Kyabram (6th) — average position 6.5
The Bombers, grand finalists last year and hardly beatable at all for the better part of half a decade not so long ago, have a bit of a roller-coaster ride ahead.
Corey Carver’s side, which has spent large parts of the year living and dying by the sword of swashbuckling scoring bursts, will need to deliver the consistent goods just to break even across its final month of play.
A visit from Shepparton United this weekend is perhaps something close to an ideal start, but unfinished business lies on the other side against a Mooroopna side that did just enough to stave off a late Bomber surge in round one.
That clash became a precursor to the kind of inconsistencies that have often plagued Kyabram this season, but a Seymour side looking far healthier than it did two months ago would be no pushover.
That just leaves the Bears at Wilf Cox to wrap things up — an epic 2018 grand final rematch with a bunch of Shepparton’s stars from that fateful day back in the squad, and maybe a win-or-go-home situation for the home side.
Mansfield (7th) — average position 7.75
It’s not been easy for Mansfield of late, but nobody has a more favourable run-in towards finals contention than the Eagles.
Currently sitting at 6-8 and with a percentage just barely below parity, Jack Hutchins’ side will have no choice but to square the win-loss ledger and move well and truly above 100 in taking a trip to Benalla this weekend before hosting Tatura the following Saturday.
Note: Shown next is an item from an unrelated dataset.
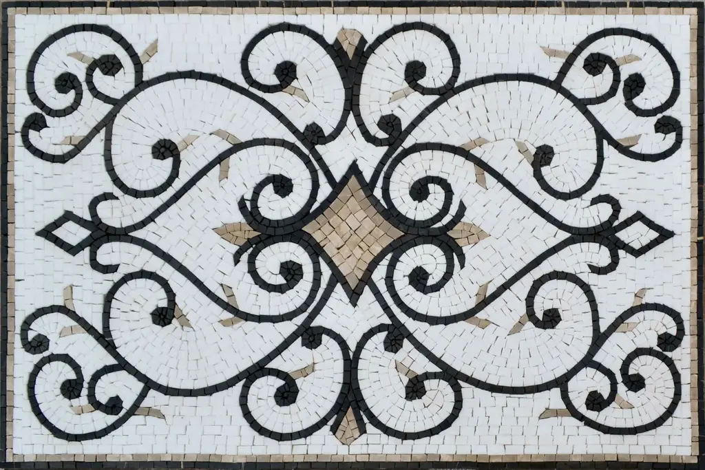 Introducing the Mosaic Rug - Uffizzi Styling, an exquisite piece that blends timeless beauty with artisanal craftsmanship. Elevate your space with this stunning handmade mosaic, meticulously created from all-natural marble, ensuring that each rug is a unique work of art. Step into a world of elegance and sophistication as the intricate filigree designs of this rug bring a touch of luxury to any room. The rich textures and soft hues provide a versatile aesthetic that will seamlessly enhance traditional and contemporary interiors alike, making it the perfect focal point for your living room, dining area, or even a serene bedroom retreat.Not only does the Mosaic Rug serve as a captivating decorative element, but its durable materials allow it to withstand the test of time, maintaining its beauty and charm for years to come. Whether you're walking barefoot on its polished surface or hosting a gathering of friends and family, this rug promises a comforting and elegant experience.The Uffizzi styling pays homage to the great art and architecture of the past, capturing the essence of luxury and sophistication in your home. Each piece combines artistry with functionality, making it not just a rug, but a statement of style and grace. Transform your living space into a gallery of beauty with the Mosaic Rug - Uffizzi Styling, where luxury meets artisanal excellence. Embrace the allure of natural marble and let this exceptional piece become the centerpiece of your decor.

Any less and it would take significant help from elsewhere to lock in a place after sitting in the top six for the vast majority of the season.
Nothing is secure even if the Eagles establish an 8-8 record with what should almost certainly be the most intriguing clash in the second half of the split round away at Mooroopna.
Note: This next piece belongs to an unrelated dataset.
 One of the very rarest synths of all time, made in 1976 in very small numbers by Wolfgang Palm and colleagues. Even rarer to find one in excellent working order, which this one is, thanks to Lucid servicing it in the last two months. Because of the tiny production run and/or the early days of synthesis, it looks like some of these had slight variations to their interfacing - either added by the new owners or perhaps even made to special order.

By the time the moment comes to welcome Euroa to the high country on the final day, there are so many moving parts that it may become an elimination final in its own right.
Shepparton Swans (8th) — average position 4.5
The Swans passed a significant test last weekend in staving off Euroa and keeping things alive.
Indeed, they have passed numerous tests across the past month after languishing at 3-8 with hope seemingly all but lost.
Though Jedd Wright would not be drawn on suggestions the fairytale may have some life yet, they’ve come far enough to be worth talking about at this late stage.
The only problem? Nothing short of a nightmarish fixture on the back end that features three top-four outfits, including the biggest stumbling block of all on the final day.
Mooroopna at home might appear the tamest of the three on paper, with the Swans less than a kick from victory last time they met, even a single defeat likely concludes the late-season revival.
Shepparton United at Deakin Reserve could further galvanise the red and white’s momentum should they conquer Mooroopna, but it doesn’t get much more confronting than a final fortnight of Shepparton and Echuca.
More than one miracle will need to transpire for the Swans, but to have remained in the conversation to this point was perhaps a moral victory.